All ¹H NMR spectroscopy titration experiments were performed on a Bruker Avance III 600 spectrometer at 600 MHz. Samples were prepared in DMSO-d6 with 0.5% water added (herein referred to as hydrated DMSO-d6) as per Caltagirone et al.¹⁵ in order to account for water absorbed from the atmosphere by the highly hygroscopic DMSO. All spectra were recorded at 20 °C. Solutions of 4 were prepared at 0.01 M. In order to keep the concentration of host constant throughout the titration, the required anion solution was prepared by dissolving the tetrabutylammonium salt in 0.01 M 4. Over the course of a titration up to one hundred and twenty equivalents of the anion were added.
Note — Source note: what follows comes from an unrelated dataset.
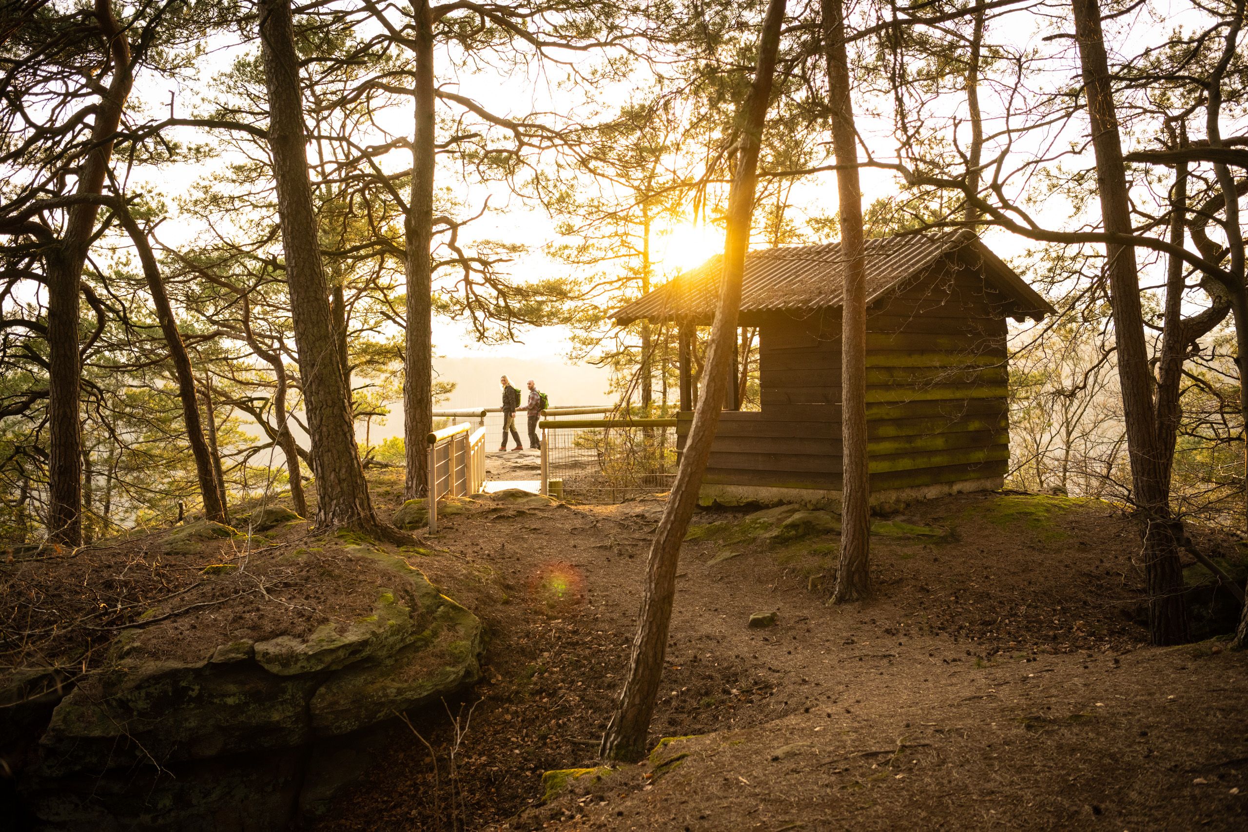 Op de Felsenweg 5 wandel je over de oostelijke flank van de Prüm vallei tussen Irrel en Holsthum. De route voert je eerst zuidwaarts naar de Katzenkopf met zijn Westwall Museum, een van de weinige tankfabrieken uit de Tweede Wereldoorlog die je kunt bezoeken. Schud de donkere gedachten van je af, adem de frisse boslucht diep in en volg de beboste heuvelrug tussen Prüm en Nims in noordelijke richting. Geflankeerd door bizarre rotstorens wandel je langs een klifrand met een adembenemend uitzicht in de Prüm vallei, passeer je de nederzetting Prümer Burg, raak je de Rochuskapel aan en bereik je de hoogten van de Holsthumerberg, waar de route nu weer de vallei in draait.
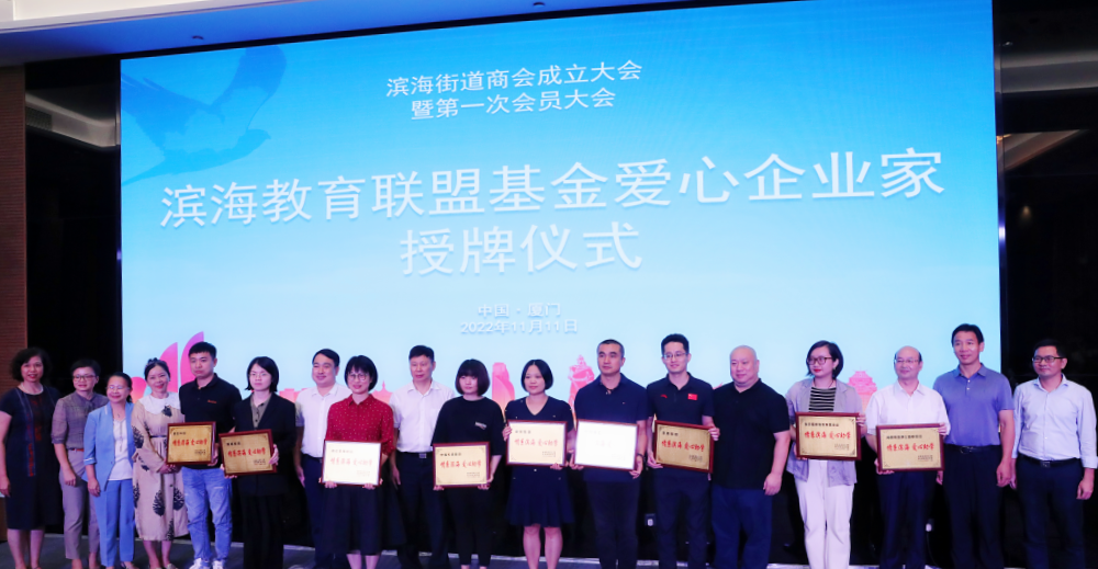 大會(huì)最后,廈門建安集團(tuán)等9家企業(yè)及基金會(huì)獲頒濱海教育聯(lián)盟基金愛心企業(yè)家獎(jiǎng)牌。

Binding constants were determined using global fitting of the ¹H NMR data using HypNMR (http://www.hyperquad.co.uk/), with a range of different stoichiometries. A stepwise model of 1:1, 2:1 and 1:2 4:anion was found to best represent the experimental data.

Data availability

Raw data will be made available upon request.